As Dory from Finding Nemo would say, just keep swimming. When everything feels like a waste because there’s already so little ROI during a recession, turn to marketing. While it may seem like a great idea to save on marketing expenses, it actually may hurt your business in the long run.
During the beginning of the pandemic, we saw a lot of companies lose business or pull back in hopes of saving themselves from having to fully close down. Setting yourself up for success during a downturn in the economy requires catering to your customers’ needs and wants. A great way to do that is through your marketing tactics. For example, continuing to post on social platforms will keep people engaged and keep your brand relevant. Create Instagram stories with polls and questions asking what they’d like to see. Remember that during a recession, your customers are struggling as well and looking for affordable solutions.
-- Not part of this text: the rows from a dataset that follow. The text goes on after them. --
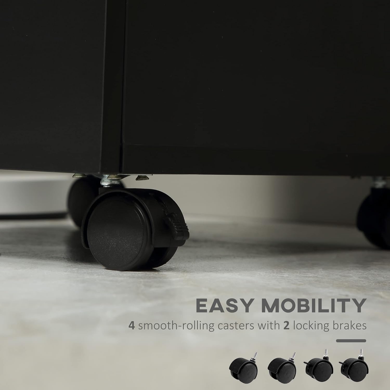 HOMCOM 3 Drawer Mobile File Cabinet, Rolling Printer Stand, Vertical Filing Cabinet, Black
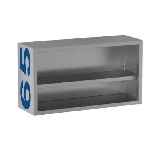 Open wall cabinet, with 1 repositionable shelf, made of Aisi 430 stainless steel.
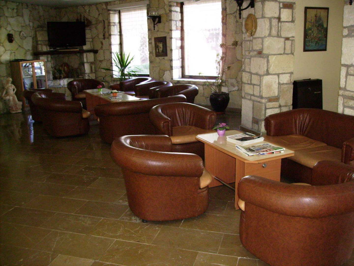 Lobby mit großem Flachbild-TV.
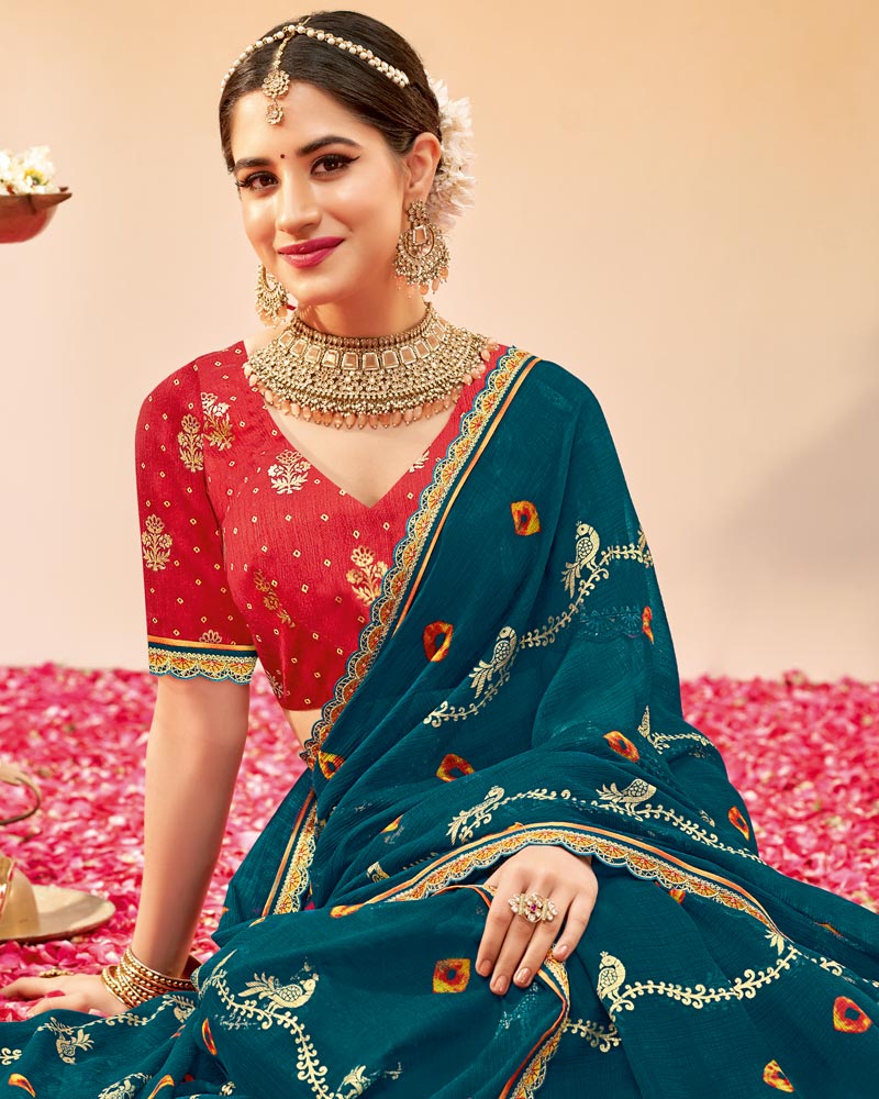 Vishal Prints Peacock Blue Printed Fancy Chiffon Traditional Print Saree With Foil Print And Cut Work Border

Another important factor is holding on to your current client base. If you pull back too much on your marketing, you’ll start to become less visible to your customers and they’ll start to search out other businesses to fulfill their needs. If you continue to show off what you have to offer, you can expect to see a lot of your customer base return when the economy starts to turn around.
Lastly, it’s a great idea, as mentioned before, to adapt your business to the customers’ needs in the current economic climate. That might mean broadening what you offer, changing how you offer your services, or where you sell your products. For example, during the pandemic, several businesses started offering more virtual solutions so people didn’t have to risk going out into crowded areas. Maybe for a trainer, that would mean offering at-home workout plans rather than having them come to the gym for a training session.
There are many things you can cut back on when the world is going through a rough financial state, but to remain relevant, maintain strong marketing and continue to let consumers know what your business has to offer.